**Work instructions**. Set down exactly the lines below, starting at the one that contains "Продаётся студия в" and ending at the one that contains "ZimmerHotel Rosenburg, Zimmer", with both of those lines included and nothing else.

**Extracted data**.
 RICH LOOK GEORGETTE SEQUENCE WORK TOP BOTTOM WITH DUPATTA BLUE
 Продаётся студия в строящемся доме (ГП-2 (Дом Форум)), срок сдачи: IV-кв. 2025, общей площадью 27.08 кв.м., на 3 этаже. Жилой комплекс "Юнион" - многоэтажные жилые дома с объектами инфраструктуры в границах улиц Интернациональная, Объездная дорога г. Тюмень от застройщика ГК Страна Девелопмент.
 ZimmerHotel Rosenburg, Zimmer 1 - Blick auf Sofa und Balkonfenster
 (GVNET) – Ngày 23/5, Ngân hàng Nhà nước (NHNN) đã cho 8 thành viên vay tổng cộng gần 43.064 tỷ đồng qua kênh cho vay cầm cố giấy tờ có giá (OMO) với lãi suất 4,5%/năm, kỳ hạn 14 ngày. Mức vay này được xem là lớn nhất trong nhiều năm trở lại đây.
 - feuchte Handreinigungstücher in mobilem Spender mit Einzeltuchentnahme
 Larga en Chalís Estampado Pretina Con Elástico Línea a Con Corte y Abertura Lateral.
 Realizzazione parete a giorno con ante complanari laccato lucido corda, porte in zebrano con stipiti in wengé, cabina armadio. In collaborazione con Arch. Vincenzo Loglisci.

...

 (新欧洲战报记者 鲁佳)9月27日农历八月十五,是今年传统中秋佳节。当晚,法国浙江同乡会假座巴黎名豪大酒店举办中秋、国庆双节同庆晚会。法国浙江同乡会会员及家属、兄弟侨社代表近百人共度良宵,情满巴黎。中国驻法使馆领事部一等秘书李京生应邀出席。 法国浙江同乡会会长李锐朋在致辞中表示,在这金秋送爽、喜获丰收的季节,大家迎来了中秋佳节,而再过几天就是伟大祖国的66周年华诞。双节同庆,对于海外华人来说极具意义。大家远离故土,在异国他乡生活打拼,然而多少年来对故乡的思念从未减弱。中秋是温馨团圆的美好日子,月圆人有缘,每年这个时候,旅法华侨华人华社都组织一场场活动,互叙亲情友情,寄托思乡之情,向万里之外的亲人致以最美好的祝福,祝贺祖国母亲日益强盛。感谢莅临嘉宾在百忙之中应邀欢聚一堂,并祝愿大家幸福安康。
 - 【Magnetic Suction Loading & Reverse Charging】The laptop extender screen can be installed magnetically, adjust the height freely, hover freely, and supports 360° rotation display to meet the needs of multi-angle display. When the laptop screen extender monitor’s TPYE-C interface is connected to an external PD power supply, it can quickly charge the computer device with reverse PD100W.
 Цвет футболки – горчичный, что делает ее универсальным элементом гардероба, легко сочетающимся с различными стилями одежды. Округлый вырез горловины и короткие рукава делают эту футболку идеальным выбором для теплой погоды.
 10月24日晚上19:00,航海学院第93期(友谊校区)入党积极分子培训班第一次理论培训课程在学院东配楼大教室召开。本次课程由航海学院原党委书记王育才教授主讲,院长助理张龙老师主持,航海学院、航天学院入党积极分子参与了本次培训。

**Response below**.
 Продаётся студия в строящемся доме (ГП-2 (Дом Форум)), срок сдачи: IV-кв. 2025, общей площадью 27.08 кв.м., на 3 этаже. Жилой комплекс "Юнион" - многоэтажные жилые дома с объектами инфраструктуры в границах улиц Интернациональная, Объездная дорога г. Тюмень от застройщика ГК Страна Девелопмент.
 ZimmerHotel Rosenburg, Zimmer 1 - Blick auf Sofa und Balkonfenster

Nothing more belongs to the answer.